I know a woman who was quite happy until she inherited two million dollars, and then she became absolutely miserable because she was afflicted with paranoia that everybody was going to take it away from her—especially the government. And, on the other hand, you’ve all known cases where some sort of ridiculous inconvenience or accident preserved you from a worse one, or else it was an occasion on which you met someone you fell in love with, or formed a fast friendship with. You never know what is the chain, the pattern, the connection between events.
And it is for this reason that the Taoist has been critical of two things. One: of words, and two: of interference. He criticizes words because, among the Confucians, who were always literary people, they had a thing going called the rectification of names.
Now, I have to introduce this by a little observation about Confucians in general, because they have their positive and their negative side. But their negative side is their rather exclusive interest in matters literary. In the history of Chinese civilization, no kind of really scientific advance came through Confucian studies, because they were scholastics—that is to say, a scholastic is one who knows what’s in the book and believes what the ancient texts or the ancient scriptures say, and he studies them and becomes proficient like a rabbi or a Christian theologian.
But mystics are not interested very much in theology. All mystics have been interested in direct experience, and therefore—although you may laugh at them as mystics and say they are not scientific—they are empirical in their approach. And the Taoists, being mystics, were the only great group of ancient Chinese people who seriously studied nature.
They were interested in it from the beginning, and their books are full of analogies between the principles of the Taoist way of life and the behavior of natural forces of water, of wind, of plants, and rocks. In many, many passages, Lao Tzu likens the Tao to water—in the fact that it doesn’t resist and yet nothing is stronger, in the fact that it always takes the line of least resistance, that it always seeks the lowest level which men abhor. And many, many things are said about water.
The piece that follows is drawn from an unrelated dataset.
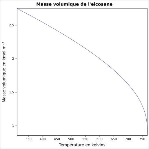 | Keywords: Masse volumique eicosane.svg fr Masse volumique calculée d'après <br/> Robert H Perry et Donald W Green Perry's Chemical Engineers' Handbook McGraw-Hill USA 1997 7e éd 2400 p ISBN 0-07-049841-5 p 2-94 own Epop 2010-06-27 Created with Gnumeric Density curves |

Many things are said about plants. Many things are said about the processes of growth. About wind: how wind plays music with all the orifices and openings in nature, and blows through them, and brings out their particular hum.
So it was, strangely enough, from the Taoists that Chinese people developed as much science as they did develop. But, you know, they never developed anything like Western technology. And this is because—or in part because; there are many, many reasons, some of them purely geographical—but one of the reasons why the Chinese did not go on to develop an advanced technology had to do with names, and it had to do with a certain attitude to nature.
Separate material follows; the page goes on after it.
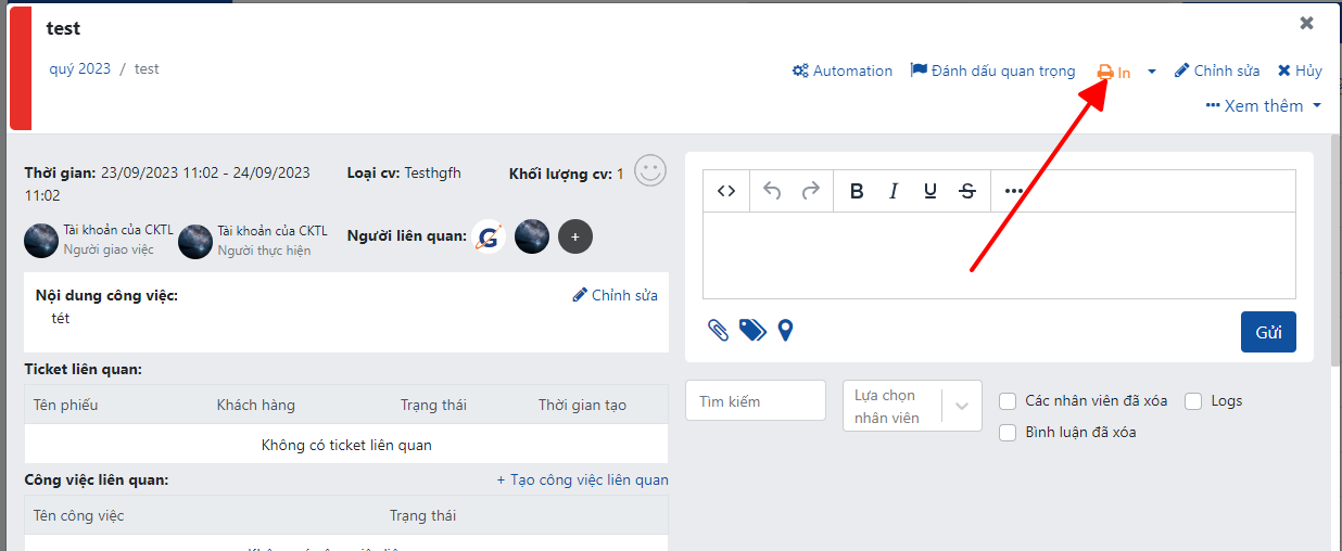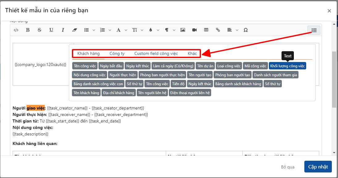 4. Để thêm biến người tạo việc vào bản in công việc

Now, so far as names are concerned, the Taoists always laughed at the idea of the rectification of names. Because they said, “Now, look: when you compile a dictionary, you define your words with other words. Now, with what other words are you going to define the words with which you define the words, so as to be sure you’ve got them straight?” I remember when I was a small boy I wanted to write a book which would preserve forever the fundamentals of human knowledge.